**Directions for this task**.
In your copy, leave out the pictures and output only the lines from the one holding "尽管大多数人将平安夜当做一个" through the end of the data below, exactly.

**Data extract**.
********************

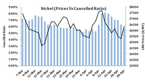 金川集團(tuán)鎳板出廠價(jià)緊隨市場(chǎng)變化,4月19日下調(diào)4000元/噸至193000元/噸。其后,21日,22日,兩次上調(diào)出廠價(jià)4000元/噸至197000元/噸。周內(nèi),市場(chǎng)現(xiàn)貨鎳價(jià)累計(jì)上漲約1000元/噸,市場(chǎng)成交較上周有所好轉(zhuǎn)。
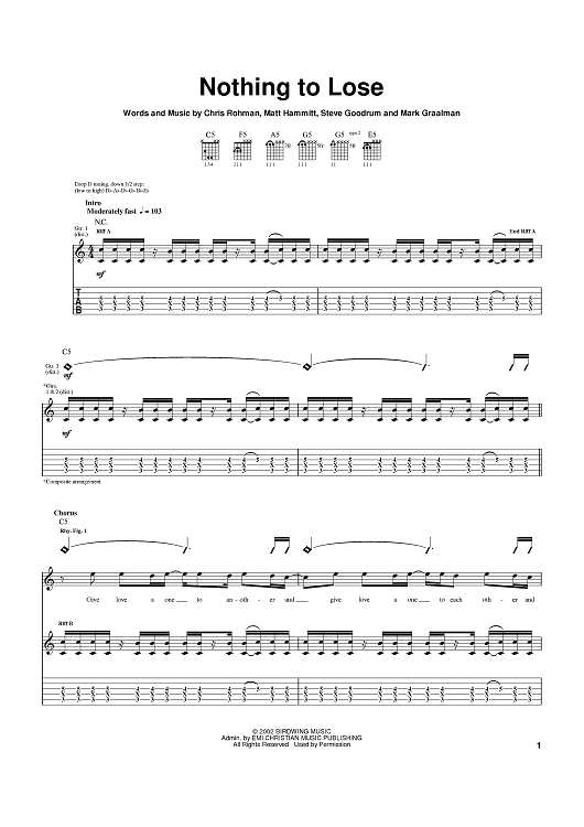 Digital Sheet Music for Nothing To Lose by Steve Goodrum, Matt Hammitt, Chris Rohman, Sanctus Real scored for Guitar Tab; id:372546
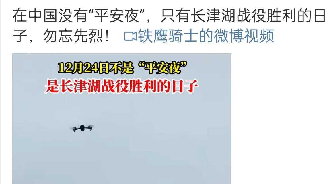 尽管大多数人将平安夜当做一个欢乐的日子,但部分网友提醒大家不要忘记历史。今年的12月24日不仅是平安夜,也是纪念长津湖战役胜利74周年的日子,值的铭记。
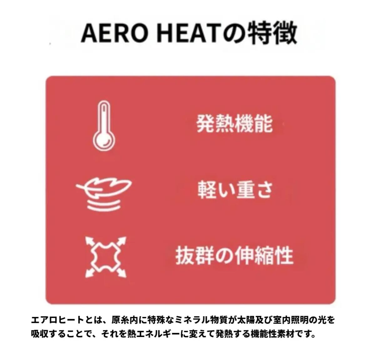 エアロヒートとは、原糸内に特殊なミネラル物質が太陽及び室内照明の光を吸収することで、それを熱エネルギーに変えて発熱する機能性素材です。

********************

**Answer section**.
 尽管大多数人将平安夜当做一个欢乐的日子,但部分网友提醒大家不要忘记历史。今年的12月24日不仅是平安夜,也是纪念长津湖战役胜利74周年的日子,值的铭记。
 エアロヒートとは、原糸内に特殊なミネラル物質が太陽及び室内照明の光を吸収することで、それを熱エネルギーに変えて発熱する機能性素材です。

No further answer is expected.